TASK DIRECTIONS:
The line containing "dashur miq, unë", and every line after it to the end of the listing, should be repeated exactly; the pictures should not.

----- DATA EXCERPTS -----

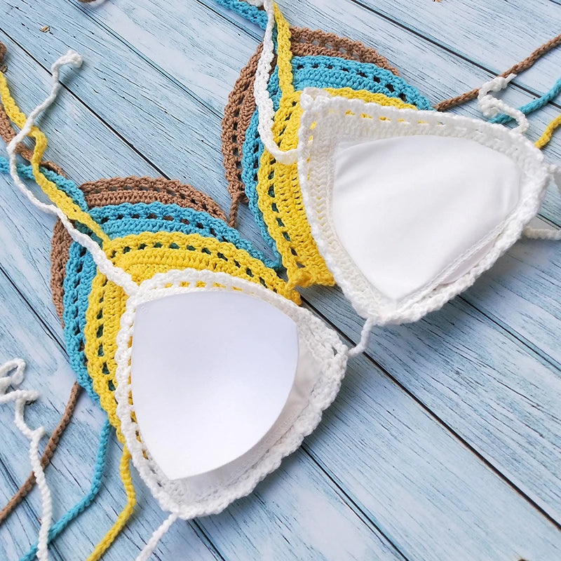 Ensemble Bikini Micro Crochet avec Doublure et Coussinets - Maillot de Bain Sexy
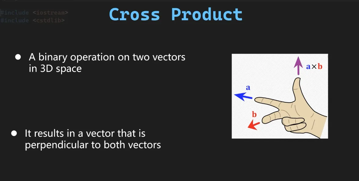 cross product(외적)는 3차원 벡터 공간에서 두 벡터로부터 새로운 벡터를 만들어내는 연산입니다. 두 벡터 a와 b의 교차 곱 a×b는 a와 b 모두에 수직인 벡터
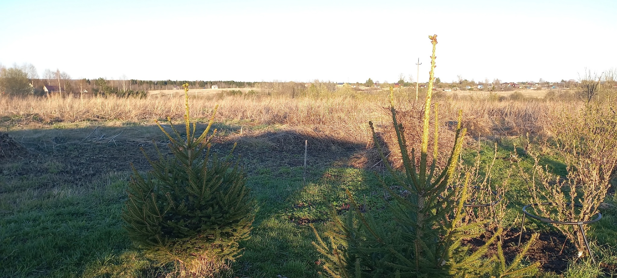 И вот фото "простора". Сухой бурьян, борщевик уже начал вылезать. Разгребать нам это всё снова не один год.
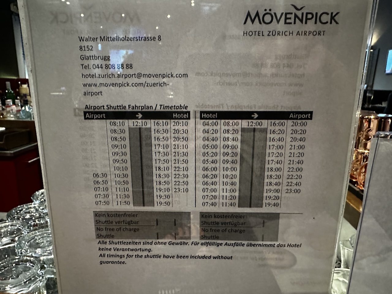 Der Preis war in Ordnung, der Shuttle ist kostenfrei. Ich bin der Meinung, dass Hotels, die den Zusatz Airport im Namen tragen, auch eine entsprechende Anbindung anbieten müssen. Nachteil am Mövenpick-Shuttle: Der Bus verkehrt nicht zwischen 12 und 16 Uhr. In der Regel ist das aber eine Zeit, in der der Sevice kaum genutzt wird. Normalerweise übernachtet man im Flughafenhotel wenn man einen sehr frühen Abflug hat oder spät landet.
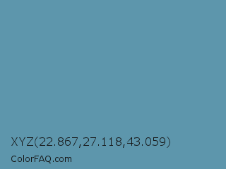 XYZ 22.867,27.118,43.059 Color is a normal blue color and the nearest color is Hippie Blue #589aaf. Hex code #5d96ac and RGB value is rgb(93,150,172). In RGB color space, this color is composed of 36% red, 59% green, 67% blue, In CMYK color space, this color is composed of 46% cyan, 13% magenta, 0% yellow , 33% black , In HSL color space, this color has a hue angle of 197° , 32% saturation and 52% lightness.
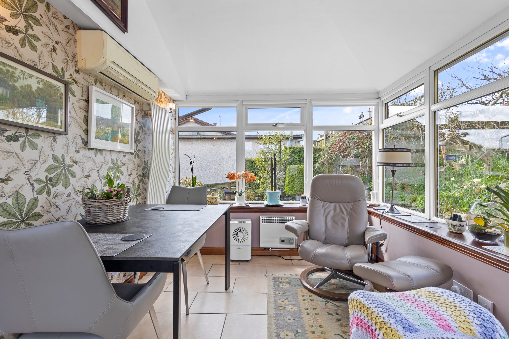 3.48m x 2.99m (11′ 5″ x 9′ 10″) With access via the kitchen, the Idyllic rear conservatory with double glazed windows on three aspects providing beautiful views of the private gardens, complete with stylish decor and tiled flooring.
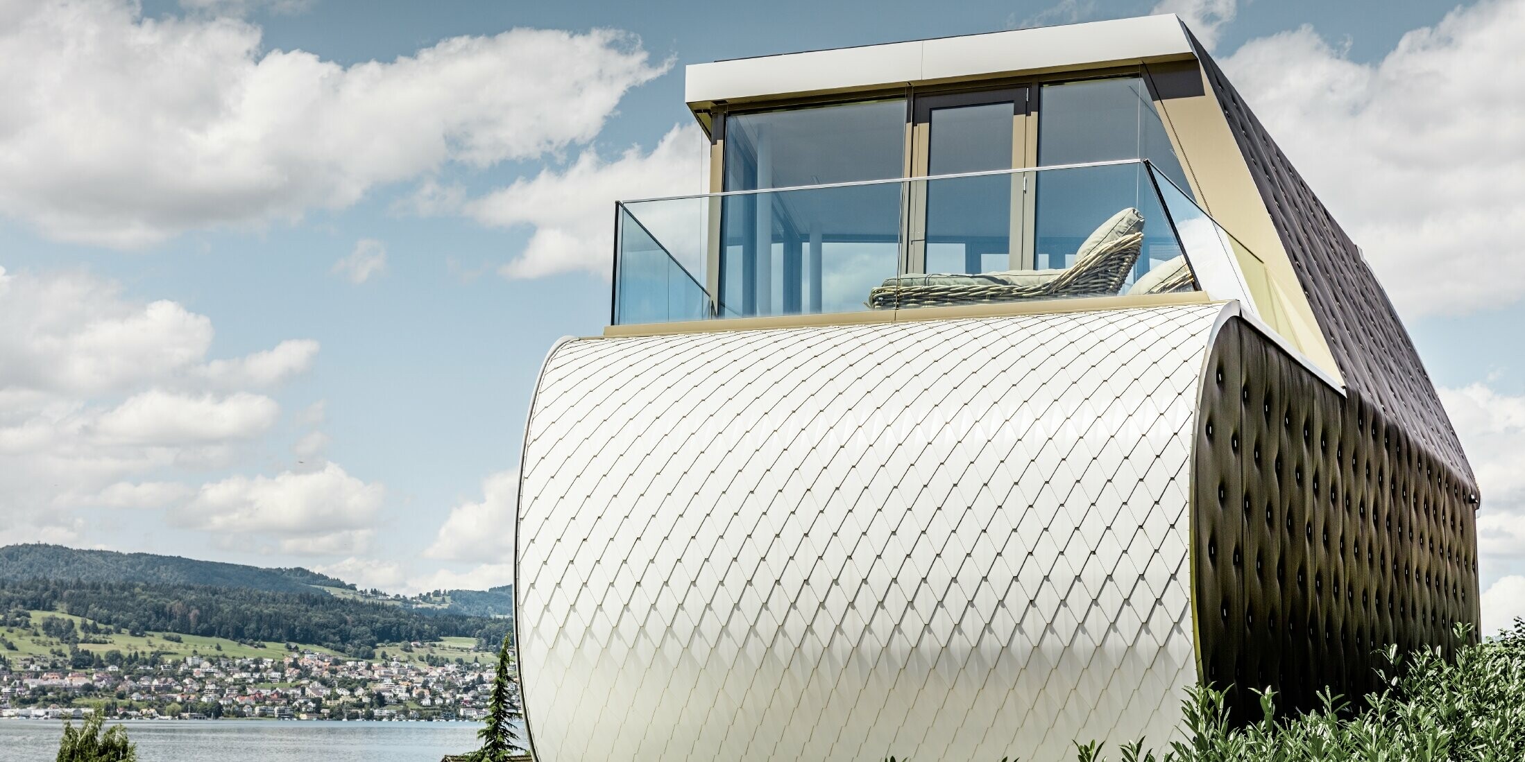 Das ausgezeichnete Flexhouse in Meilen, Zürich, wurde vom Architekten Stefan Camenzind entworfen. Das Gebäude besteht aus Geschossen, die jeweils auf einer Seite mit einer halben Rundung aus Holzbögen abgeschlossen werden. Daraus ergibt sich eine einzigartige Dynamik. Die kleinen PREFA Dachrauten in Reinweiß passen sich den Rundungen perfekt an und verstärken die Dynamik des Hauses.
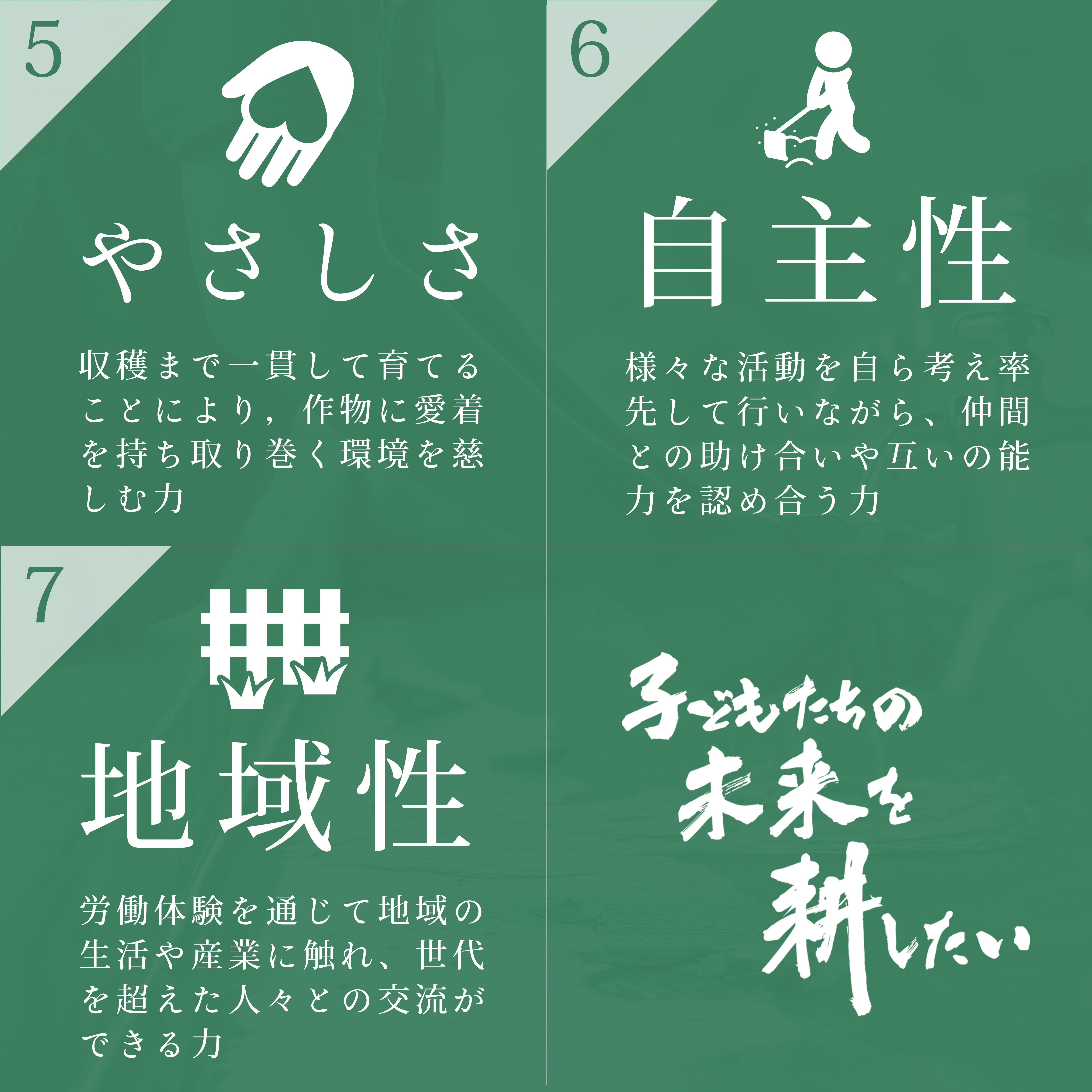 子ども達には、ここでの体験から新しい発見を積み重ね、生きる喜びから生きる力を蓄え、たくさんの楽しさを養分にして自立への道を歩んで欲しいと願っています。
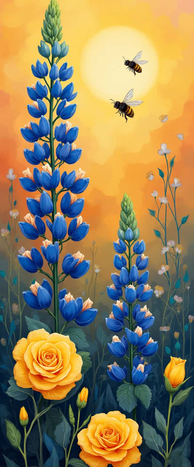 This design features an enchanting arrangement of bluebonnet lupines and vibrant yellow roses, set against a serene sunset backdrop. The warm hues of orange and yellow blend harmoniously, creating an inviting atmosphere. Playful geometric patterns intersperse with detailed floral elements, while two cute bumblebees flit about, infusing the composition with life and whimsy. The overall aesthetic is cheerful and attractive, perfect for making a statement with its vibrant colors and lively imagery.
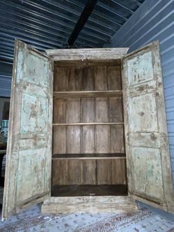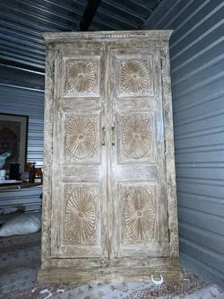 SoldAntique-Style Hand-Carved Wood Armoire / Storage Cabinet – Distressed White Wash$500Las Vegas, NV
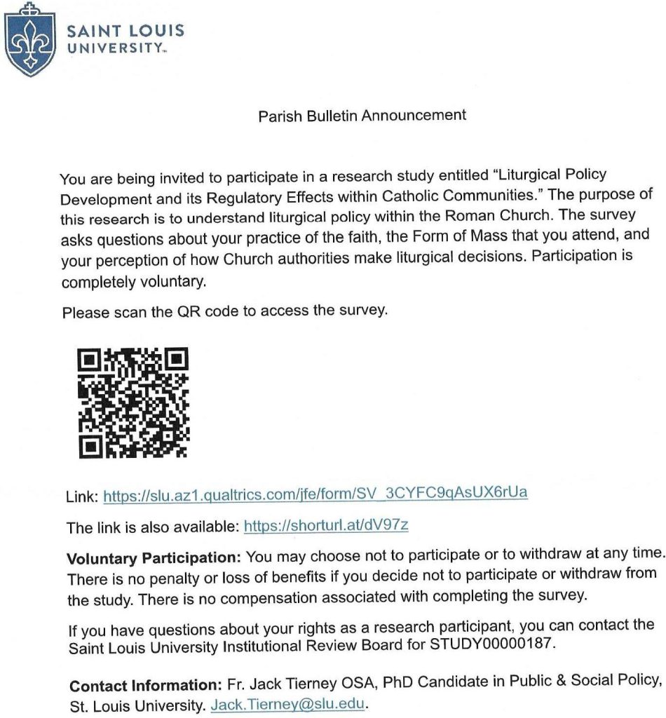 Canon had the mass but the Augustinian did the sermon which was touchy feely typical Novus Ordo content. After some tong in cheek comments on the gospel he cut to the chase. The main purpose of his visit was to tap us for his doctorate thesis which was a survey on “Liturgical Policy Development and its Regulatory Effects within Catholic Communities”. Say that 10 times real fast!
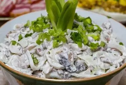 Как я готовлю салат из кальмаров, маринованных грибов, соленых огурцов и домашнего майонеза
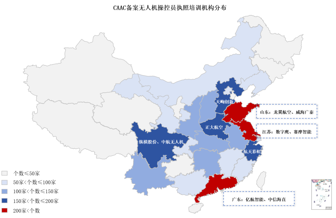 圖3 我國CAAC備案的無人機(jī)培訓(xùn)機(jī)構(gòu)分布情況
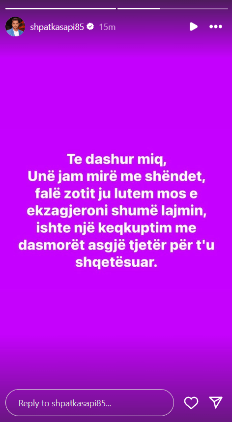 “Të dashur miq, unë jam mirë me shëndet, falë Zotit. Ju lutem mos e ekzagjeroni shumë lajmin, ishte një keqkuptim me dasmorët, asgjë tjetër për t’u shqetësuar”, shkruan ai.
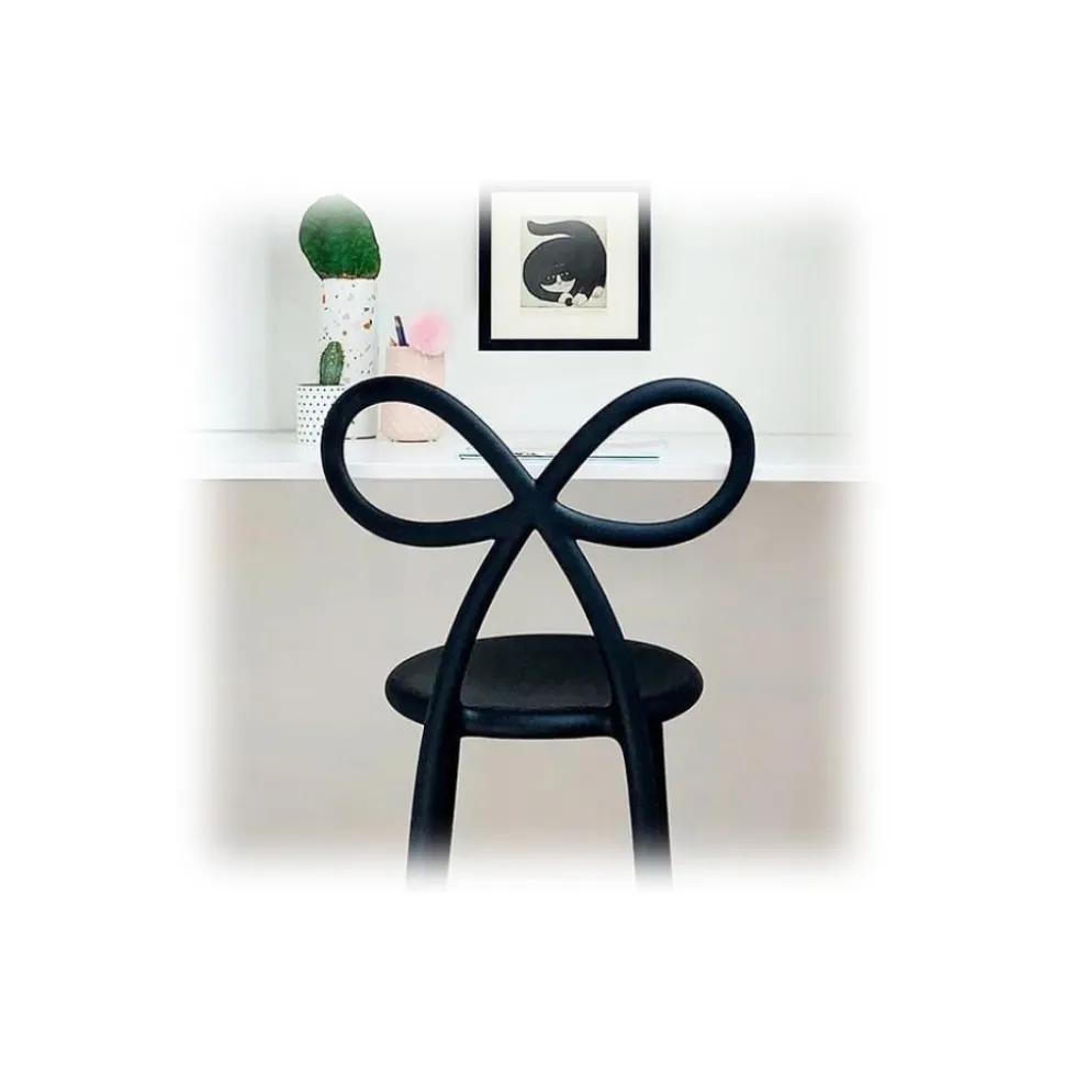 A successful chair, with a strong identity and characterized by a bow designed as a backrest. The bow, a lively symbol of gift and celebration, is translated by the designer with soft, light and essential lines.
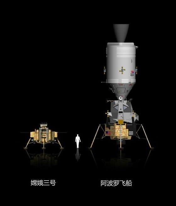 For context, the landing gear span of Chang'e-3 is approximately 4.7 meters vs. 9.07 meters for NASA's Apollo Lunar Module (LM).
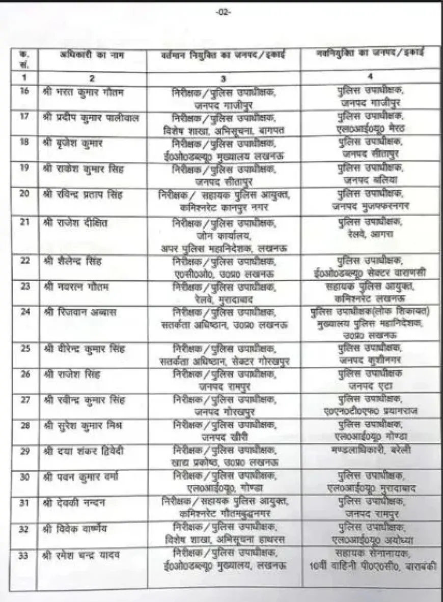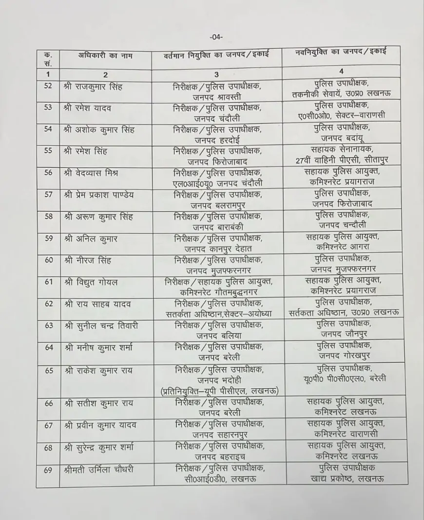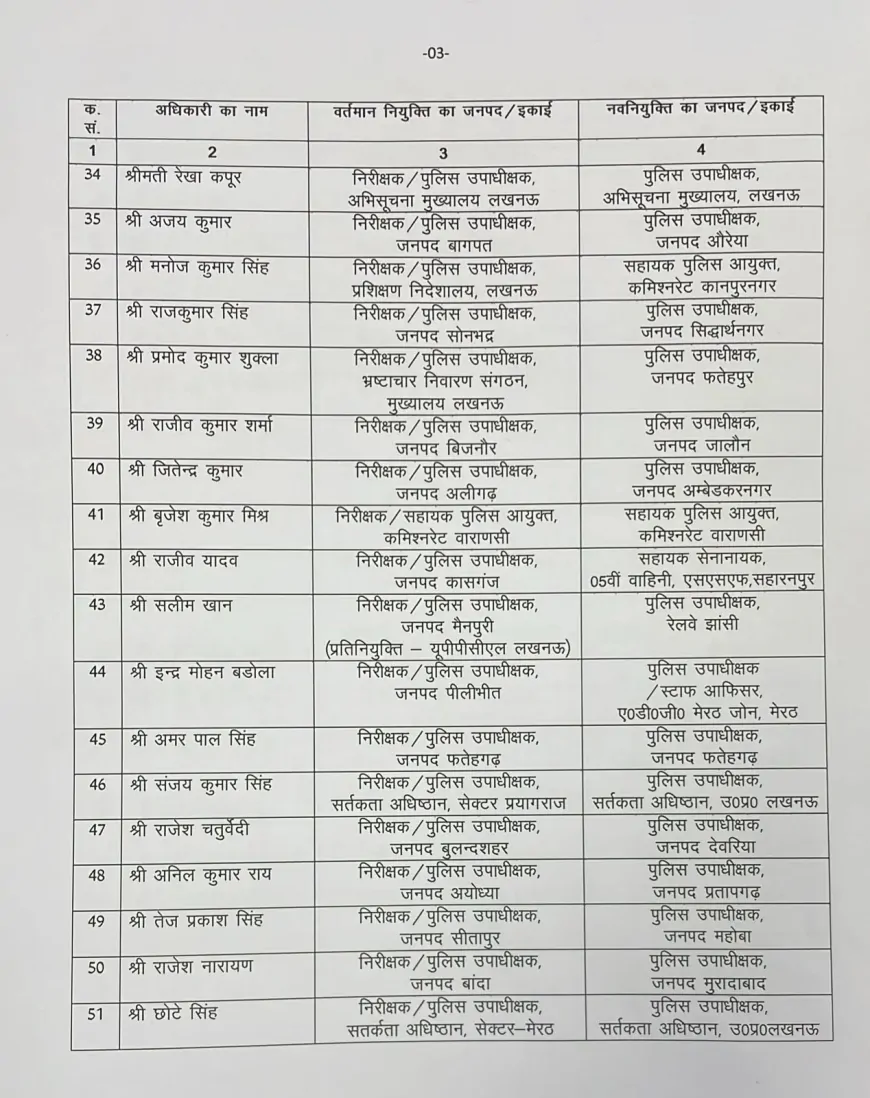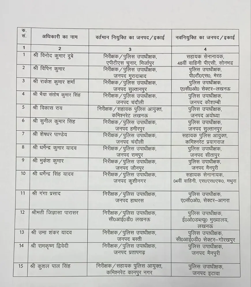 इसी तरह, शेषधर पांडेय को प्रयागराज, धर्मेंद्र कुमार यादव को सीतापुर, मुकेश कुमार को मैनपुरी, धर्मेंद्र सिंह यादव को एसएसएफ मथुरा, और जिज्ञासा पारासर को ईओडब्ल्यू मुख्यालय लखनऊ भेजा गया है।

-----

COMPLETED TASK:
 “Të dashur miq, unë jam mirë me shëndet, falë Zotit. Ju lutem mos e ekzagjeroni shumë lajmin, ishte një keqkuptim me dasmorët, asgjë tjetër për t’u shqetësuar”, shkruan ai.
 A successful chair, with a strong identity and characterized by a bow designed as a backrest. The bow, a lively symbol of gift and celebration, is translated by the designer with soft, light and essential lines.
 For context, the landing gear span of Chang'e-3 is approximately 4.7 meters vs. 9.07 meters for NASA's Apollo Lunar Module (LM).
 इसी तरह, शेषधर पांडेय को प्रयागराज, धर्मेंद्र कुमार यादव को सीतापुर, मुकेश कुमार को मैनपुरी, धर्मेंद्र सिंह यादव को एसएसएफ मथुरा, और जिज्ञासा पारासर को ईओडब्ल्यू मुख्यालय लखनऊ भेजा गया है।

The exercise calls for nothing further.